We can find the IQR by finding the difference between the 1st and 3rd quartiles. But how do we find those?

For a sorted list, the 1st quartile is in the middle of the range from 0% to 50%, and the 3rd quartile is in the middle of the range from 50% to 100%.

So let’s start by finding the 2nd quartile, a.k.a. the 50th percentile, that sits right at the median of the distribution. Here’s the list written out, and we’ll grab the middle value.

$L = [23, 24, 25, 26, 27, 28, 29, 30, 31, 32, 33]$

The median of the list is $Q_{2} = 28$ .

Now we split the original list into two parts, and find the median of each.

$L_{1} L_{3} = [23, 24, 25, 26, 27] = [29, 30, 31, 32, 33]$

So that means $Q_{1} = 25$ and $Q_{3} = 31$ .

And now we’ve got all the information we need to wrap it up.

$I QR = Q_{3} - Q 1 = 31 - 25 = 6$

Not as hard as it seemed at first, right?

Now it’s your turn - try a similar question yourself:

List $M$ consists of $11$ adjacent positive numbers, the largest being $25$ . What is the IQR of $M$ ?

Try solving it, and then check your answer below.

(spoiler)

Answer: 6

$L = [15, 16, 17, 18, 19, 20, 21, 22, 23, 24, 25]$

The median of the list is $Q_{2} = 20$ .

Now we split the original list into two parts, and find the median of each.

$L_{1} L_{3} = [15, 16, 17, 18, 19] = [21, 22, 23, 24, 25]$

So that means $Q_{1} = 17$ and $Q_{3} = 23$ .

$I QR = Q_{3} - Q 1 = 23 - 17 = 6$

Notice how the IQR for $M$ is the same as for $L$ in the walkthrough above?
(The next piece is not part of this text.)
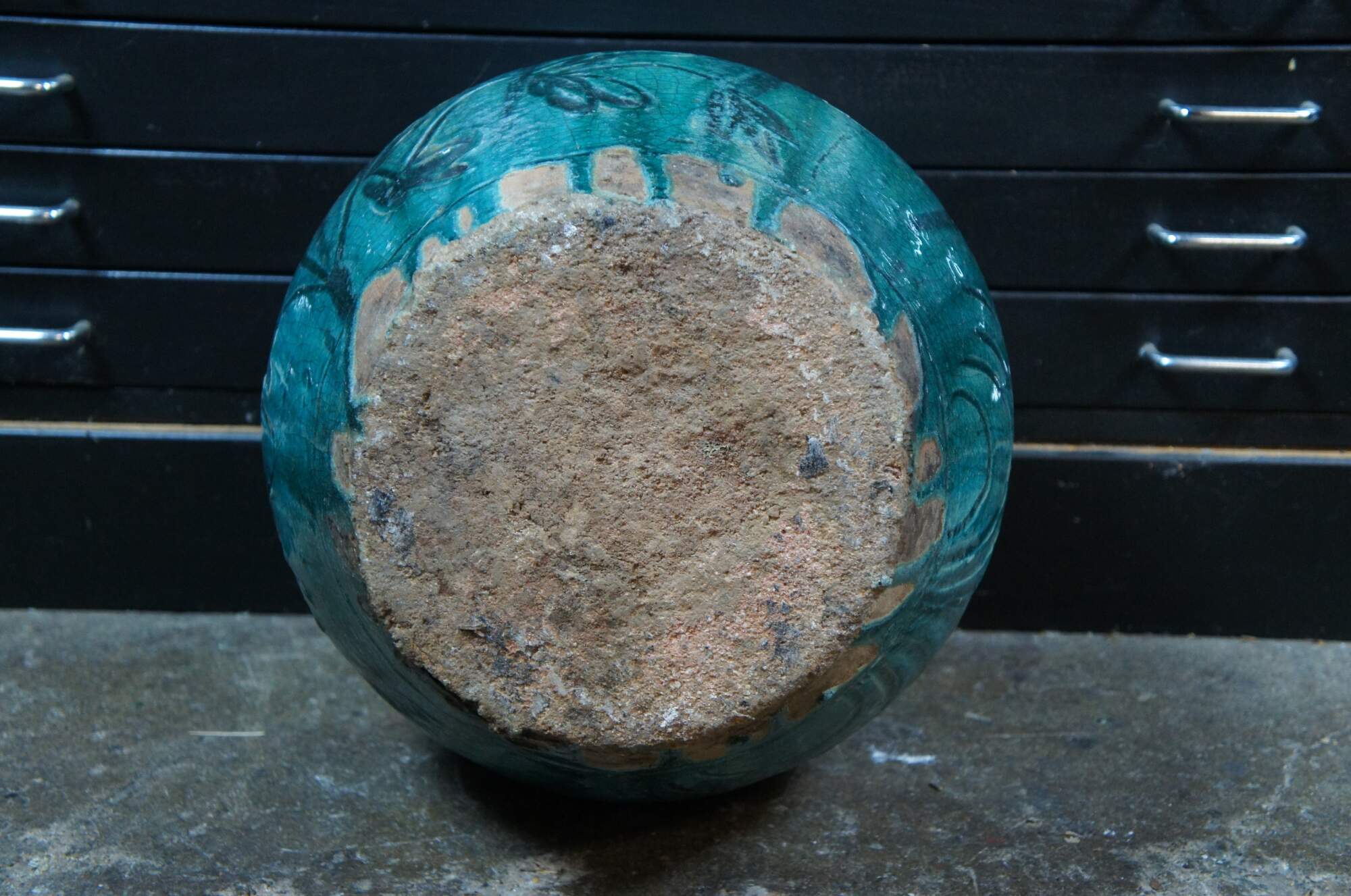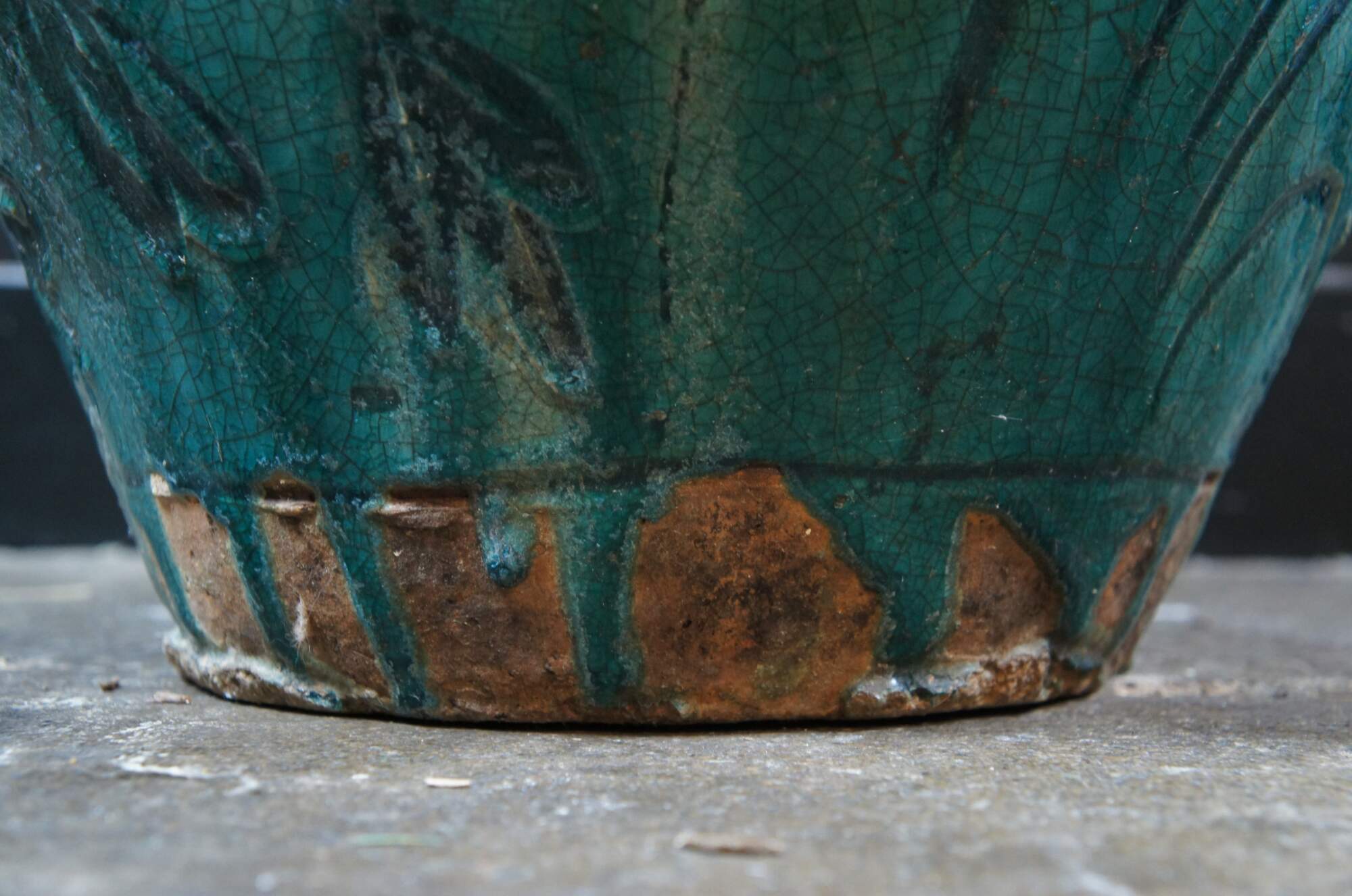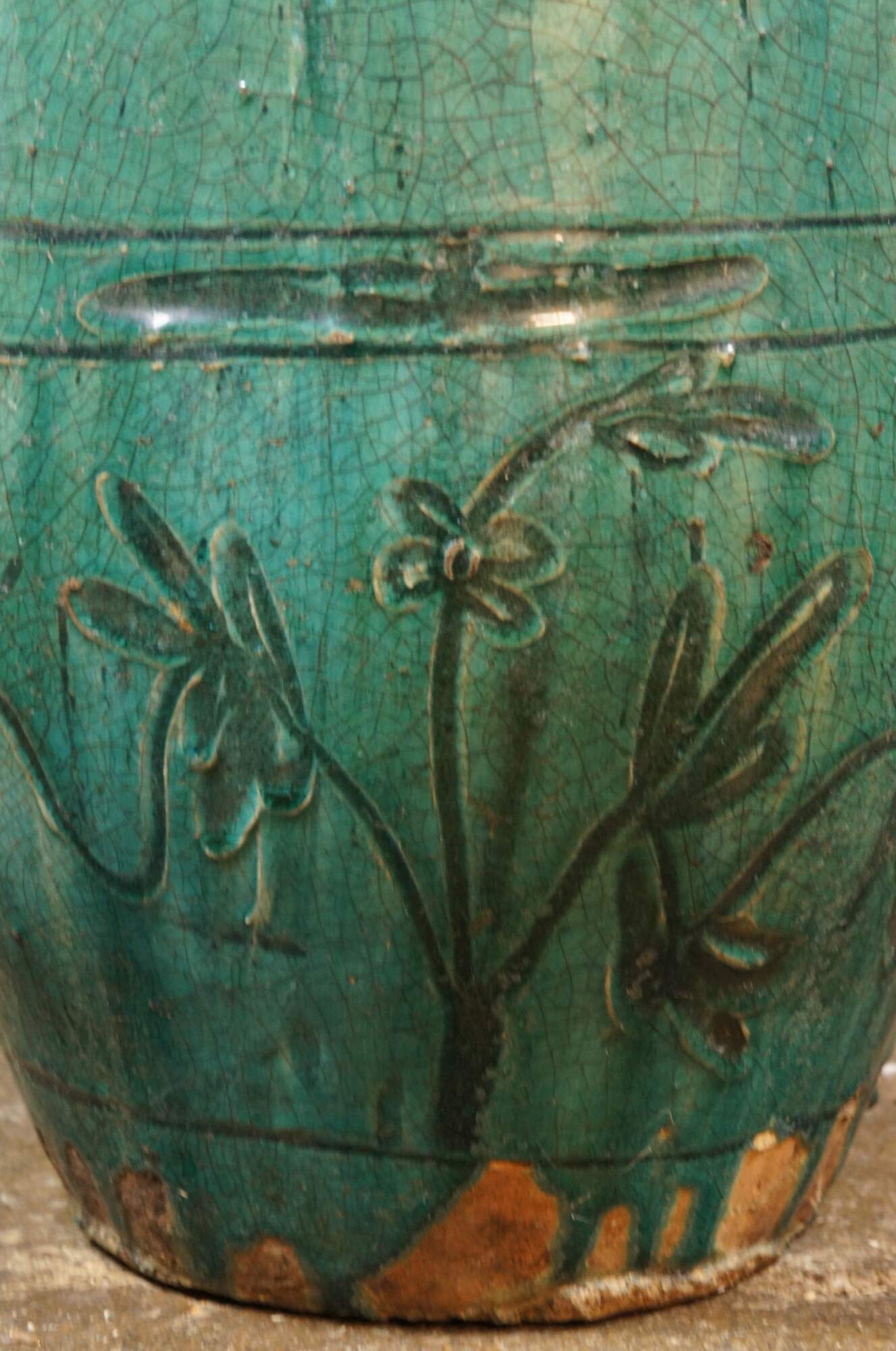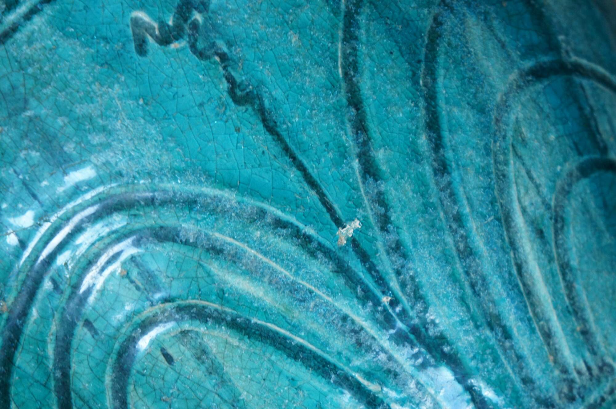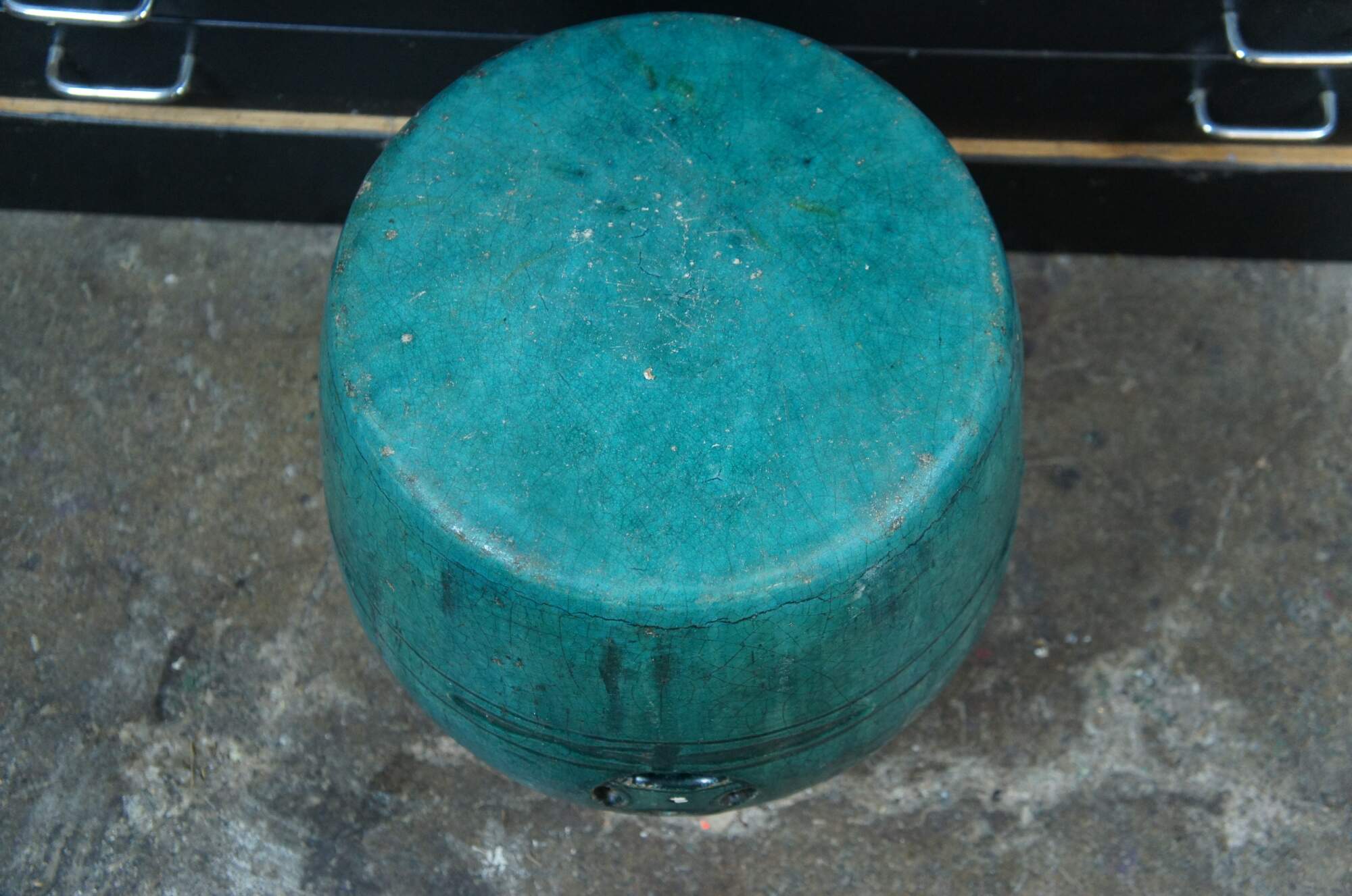 Antique Chinese ceramic garden stool / planter / pedestal / side table - traditional barrel shaped design with cut out medallions on two sides, decorated with a simple carved motif of flowers and reeds, finished with a deep green / teal / turquoise glaze.

That’s no coincidence. The lists have the same length and the same spacing between each number. They’re essentially the same list, just that $L$ ends at $33$ , and $M$ is shifted over so that it ends at $25$ . The distribution of the elements didn’t change, so neither did the IQR.

Let’s try one more to drill the core concept.

Quantity A: The IQR of a list of integers from 1 to 10
Quantity B: The IQR of a list of integers from 1 to 9

Try solving it, and then check your answer!

(spoiler)

The two quantities are equal.

The IQR for Quantity A $[1, 2, 3, 4, 5, 6, 7, 8, 9, 10]$ :

The list has an even number of elements, so we split it in half to calculate Q1 and Q3
Q1 is the median of $[1, 2, 3, 4, 5] = 3$
Q3 is the median of $[6, 7, 8, 9, 10] = 8$
So the IQR is $8 - 3 = 5$

The IQR for Quantity B $[1, 2, 3, 4, 5, 6, 7, 8, 9]$ :

The list has an odd number of elements, so we drop the middle number, and then split it in half to calculate Q1 and Q3
Q1 is the median of $[1, 2, 3, 4] = 2.5$
Q3 is the median of $[6, 7, 8, 9] = 7.5$
So the IQR is $7.5 - 2.5 = 5$

Other important percentiles to know

There are two other “special” percentiles you should note:

84th percentile
16th percentile

These are special because they are one “standard deviation” (i.e. 34%) away from the center (50%) of the distribution.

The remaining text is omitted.